Suppose that a case has a clear liberal/conservative valence. (Not all cases do.) Suppose further that Justice Scalia was initially inclined to vote the conservative way. Now what happens? The counterclerk presumably tells the justice that he should be voting for the liberal side based on textualist and originalist arguments. At that point, Justice Scalia doesn't simply give up. Presumably the other three law clerks make arguments to the effect that actually the textualist and originalist arguments do lead to the conservative result, which is how the justice is inclined to vote anyway. No one need ever say (or consciously think) that the result should be driven by ideological considerations for those considerations nonetheless to prevail.

Meanwhile, because attacks on the overall judicial philosophy itself are out of bounds, the counterclerk doesn't ever get to say what he or she is no doubt thinking much of the time: Gee, Mr. Justice, I don't want to say that your jurisprudence is extremely malleable, but don't you think it's odd that it almost always leads you to results that you favor on ideological grounds?

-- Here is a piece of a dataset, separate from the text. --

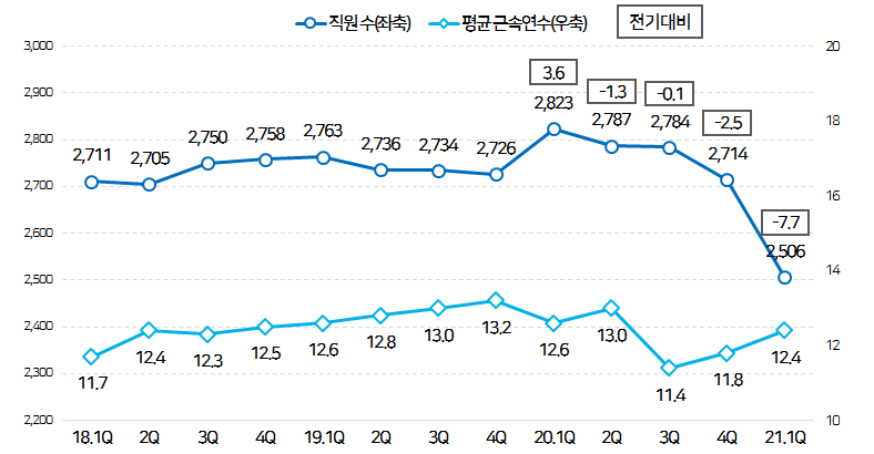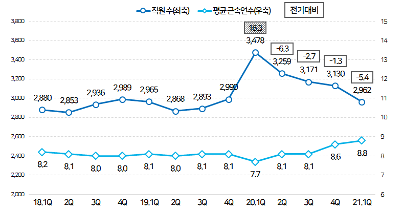결과적으로 2021년 1분기 직원 수는 전년동기대비 11% 정도 감소했습니다.
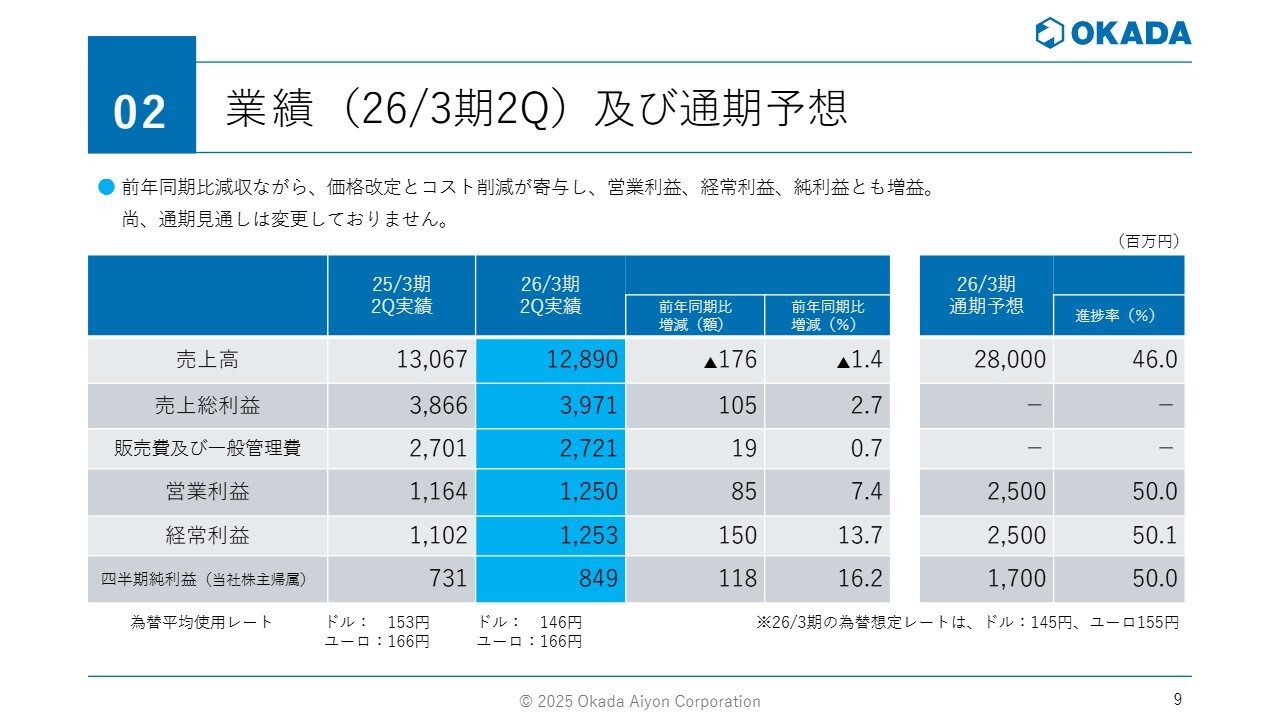 それでは、2026年3月期第2四半期決算説明会を始めます。まず、業績サマリーについてご説明します。

I want to be clear that I think the same frustration would be felt by a conservative counterclerk for a liberal justice--at least if the liberal justice were to make claims about the objectivity of her methodology similar to the claims made by the likes of self-described textualist and originalist judges on behalf of their methodology.

The bottom line is that a willingness to hire counterclerks is a modest indication that a judge takes his professional responsibilities seriously and enjoys the company of people who disagree with him, which indicate positive character traits. But that's about all. I give counterclerks only two cheers.